- Aim of the exercise -
Once the pictures are set aside, repeat all of the data below exactly.

Start of Exercise data

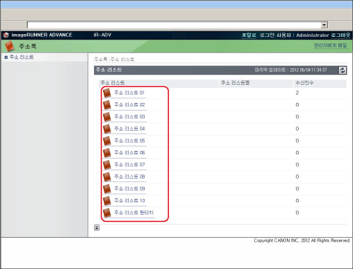 리모트 UI에 액세스한 후 → [주소록]을 클릭하고 → 주소 리스트 페이지에서 주소 리스트를 선택합니다.
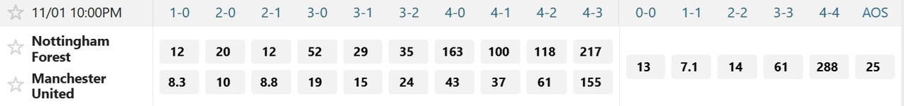 Thật bất ngờ khi tỉ số được ưa chuộng nhất là kết quả hòa 1-1 với mệnh giá đặt 1 ăn chỉ 7.1. Nhưng cũng có nhiều người chọn Manchester United thắng với tỉ số 0-1 có giá 8.3, còn 1-2 đặt 1 ăn 8.8, 0-2 ăn chẵn 10. Cách không xa mấy là những dự báo Nottingham gây bất ngờ khi 1-0 và 2-1 có giá đặt 1 ăn 12.
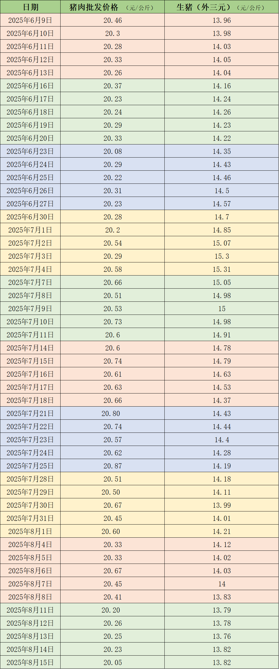8月14日,国家统计局发布2025年8月上旬流通领域重要生产资料市场价格变动情况,其中生猪(外三元)价格为13.9元/公斤,与7月下旬相比,每公斤下降0.2元,下降幅度为1.4%。

End of Exercise data

- The completed task -
 리모트 UI에 액세스한 후 → [주소록]을 클릭하고 → 주소 리스트 페이지에서 주소 리스트를 선택합니다.
 Thật bất ngờ khi tỉ số được ưa chuộng nhất là kết quả hòa 1-1 với mệnh giá đặt 1 ăn chỉ 7.1. Nhưng cũng có nhiều người chọn Manchester United thắng với tỉ số 0-1 có giá 8.3, còn 1-2 đặt 1 ăn 8.8, 0-2 ăn chẵn 10. Cách không xa mấy là những dự báo Nottingham gây bất ngờ khi 1-0 và 2-1 có giá đặt 1 ăn 12.
8月14日,国家统计局发布2025年8月上旬流通领域重要生产资料市场价格变动情况,其中生猪(外三元)价格为13.9元/公斤,与7月下旬相比,每公斤下降0.2元,下降幅度为1.4%。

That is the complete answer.